Efficacy and safety of low-dose naltrexone for the management of fibromyalgia: a systematic review and meta-analysis of randomized controlled trials with trial sequential analysis

Affiliations
  • 1Department of Medicine, Faculty of Medicine, Pelita Harapan University, Karawaci, Tangerang, Indonesia
  • 2Department of Medicine, Washington University of Health and Science, Belize, Central America, United States of America
  • 3Department of Internal Medicine, Faculty of Medicine, Pelita Harapan University, Karawaci, Tangerang, Indonesia

Abstract

Background
Fibromyalgia is characterized by the presence of chronic widespread pain that may impair patient’s quality of life. Currently, the use of naltrexone as a therapeutic agent for fibromyalgia is not supported by enough evidence, especially from randomized controlled trials (RCTs). This study aims to analyze the efficacy and safety of low-dose naltrexone (LDN) for the management of fibromyalgia.
Methods
A comprehensive search was conducted on the Scopus, Medline, ClinicalTrials.gov, and Cochrane Library databases up until May 20th, 2024. This review incorporates RCTs that examine the comparison between LDN and placebo in fibromyalgia patients. We employed random-effect models to analyze the odds ratio and mean difference (MD) for presentation of the outcomes.
Results
A total of 4 RCTs with 222 fibromyalgia patients were incorporated. The results of our meta-analysis showed a significant reduction in pain scores (MD: –0.86, 95% confidence interval [CI]: –1.20, –0.51, P < 0.001, I 2 = 33%) and higher increment in pressure pain threshold (MD: 0.17, 95% CI: 0.08, 0.25, P< 0.001, I 2 = 0%) among fibromyalgia patients who received LDN than those who only received a placebo. The fibromyalgia impact questionnaire revised and pain catastrophizing scale did not differ significantly between the two groups. LDN was also associated with higher incidence of vivid dreams and nausea, but showed no significant difference with the placebo in terms of serious adverse events, headache, diarrhea, and dizziness.
Conclusions
This study suggests the efficacy of LDN in mitigating pain symptoms for fibromyalgia patients with a relatively good safety profile.

Keyword

Analgesics; Opioid; Chronic Pain; Fibromyalgia; Meta-Analysis; Naltrexone; Pain Threshold; Rheumatology; Therapeutics

Figure

  • Fig. 1 PRISMA (Preferred Reporting Items for Systematic Reviews and Meta-Analyses) diagram of the detailed process of selection of studies for inclusion in the systematic review and meta-analysis.

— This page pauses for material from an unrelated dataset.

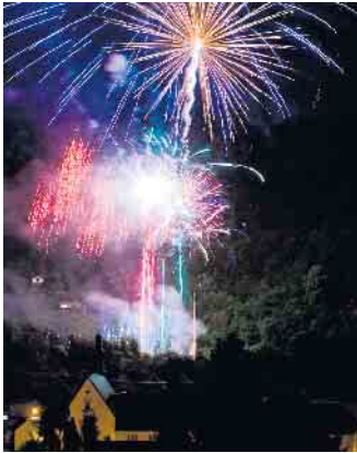
Am Samstagabend illuminiert das große Höhenfeuerwerk die historische Altstadt.

Aufgrund der Kirmes ist die Langenhecke noch bis zum 23.07.2024 zwischen Klosterplatz und Marktstraße für den Verkehr gesperrt. Dies gilt auch für die Parkplätze in diesem Bereich. Der Wochenmarkt wird am 19.07.2024 auf den Salzmarkt verlegt. Zudem ist anlässlich des Feuerwerks am 20.07.2024 der Parkplatz östlich der L194 (Fahrtrichtung Euskirchen) sowie der Parkstreifen entlang des Roderter Kirchweges ganztägig gesperrt. Auch die Zufahrt in die Kernstadt über den Parkplatz ist an diesem Tag nicht möglich.

  • Fig. 2 Forest plot that shows change in the pain scores (A), change in the fibromyalgia impact questionnaire revised (FIQR) (B), change in the pressure pain threshold (PPT) (C), at least 30% improvement in pain symptoms (D), change in the pain catastrophizing scale-rumination (PCS-R) (E), change in the PCS-magnification (PCS-H) (F), and change in the PCS-helplessness (PCS-H) (G) in fibromyalgia patients who received low-dose naltrexone (LDN) when compared to those who received placebo. SD: standard deviation, CI: confidence intervals, SE: standard error.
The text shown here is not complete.